# My debut single as a guitarist



## cboutilier (Jan 12, 2016)

Roadside Scarecrow released their first single recently, and it made it's local radio debut tonight on Q104.3FM Halifax. Real sassy Tele tones inside.

https://roadsidescarecrow1.bandcamp..._tElMYdbIst5UbS_RlkzMMyduiP20qN7MpLgrxRpZ7b0U


----------



## KapnKrunch (Jul 13, 2016)

Congrats!


----------



## johnnyshaka (Nov 2, 2014)

Nicely done!


----------



## Wardo (Feb 5, 2010)

Kick ass god damn fuckin song; I like it.


----------



## cboutilier (Jan 12, 2016)

For those curious about gear: Classic 50s Fender Esquire w/ Broadcaster pickup -> Drivetrain OD -> TS808 Tube screamer clone -> Garagetone Axle Grease Delay -> Twin Reverb turned up!


----------



## davetcan (Feb 27, 2006)

Very nicely done, congrats!


----------



## Paul M (Mar 27, 2015)

Twin Reverb turned up = no need for radio. Just open windows and we all can hear it! The last time I used my Twin Reverb on a job, (135W master volume) the piano player complained it was too loud. 

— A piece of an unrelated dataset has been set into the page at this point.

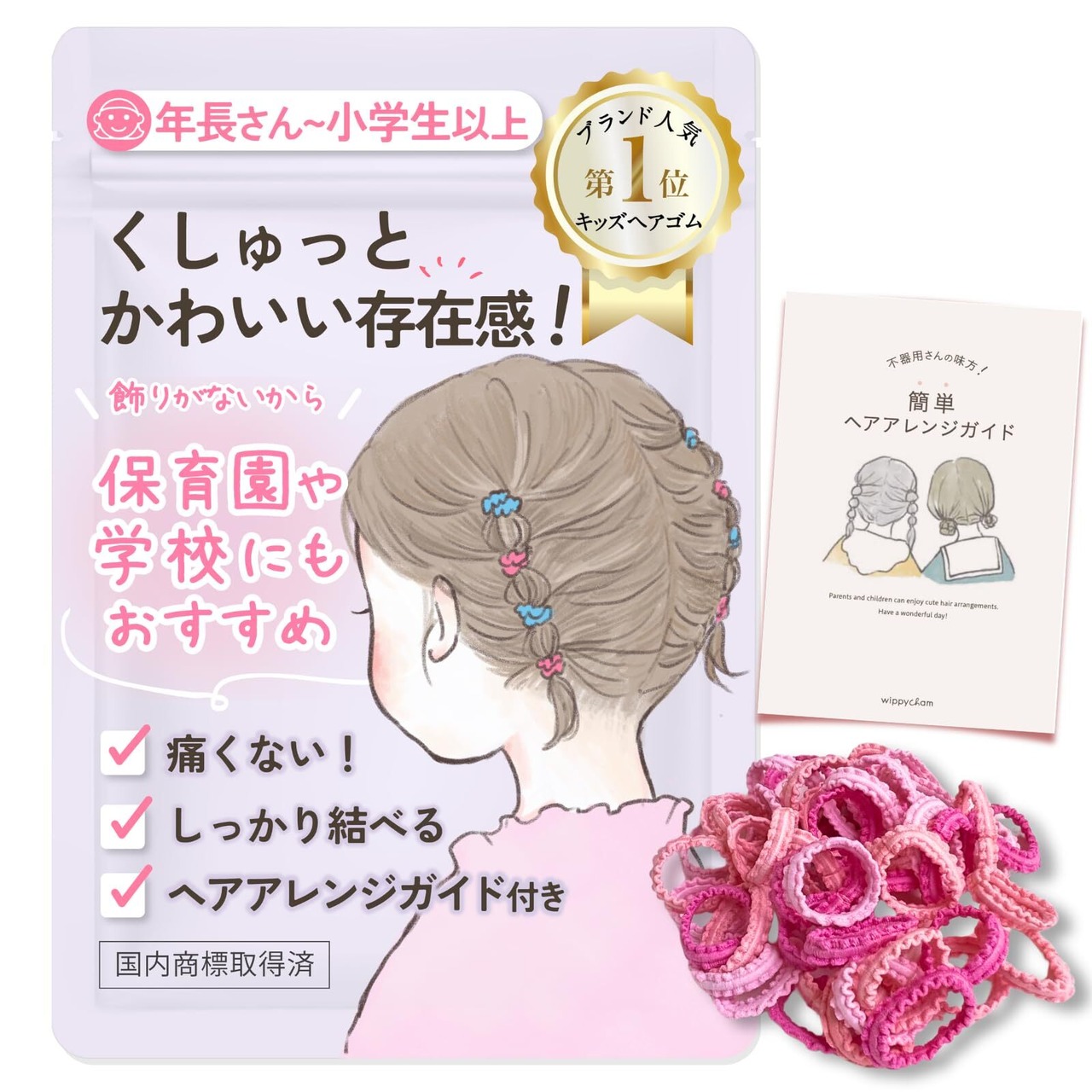 wippyperro 【 ちぎれにくい & 結ぶだけで可愛い】 ヘアアレンジ ガイド付 ヘアゴム 子供 髪ゴム 絡まない ベビー 赤ちゃん 痛くない 保育園 (ぴんく)

I hadn't even powered up yet. All hail The Mighty Twin!


----------



## marcos (Jan 13, 2009)

Lots of Tele twang !!!! I like it. Congrats. Sounds very good.


----------



## greco (Jul 15, 2007)

EXCELLENT! 

Congrats to you and the band!


----------



## mrmatt1972 (Apr 3, 2008)

Cool! Nice job.


----------



## MS41R8 (Sep 26, 2016)

Great job ! I saw your post on FB so I listened in when it played . Congrats !


----------



## Chito (Feb 17, 2006)

Great song. Nice licks! Congrats to you guys!


----------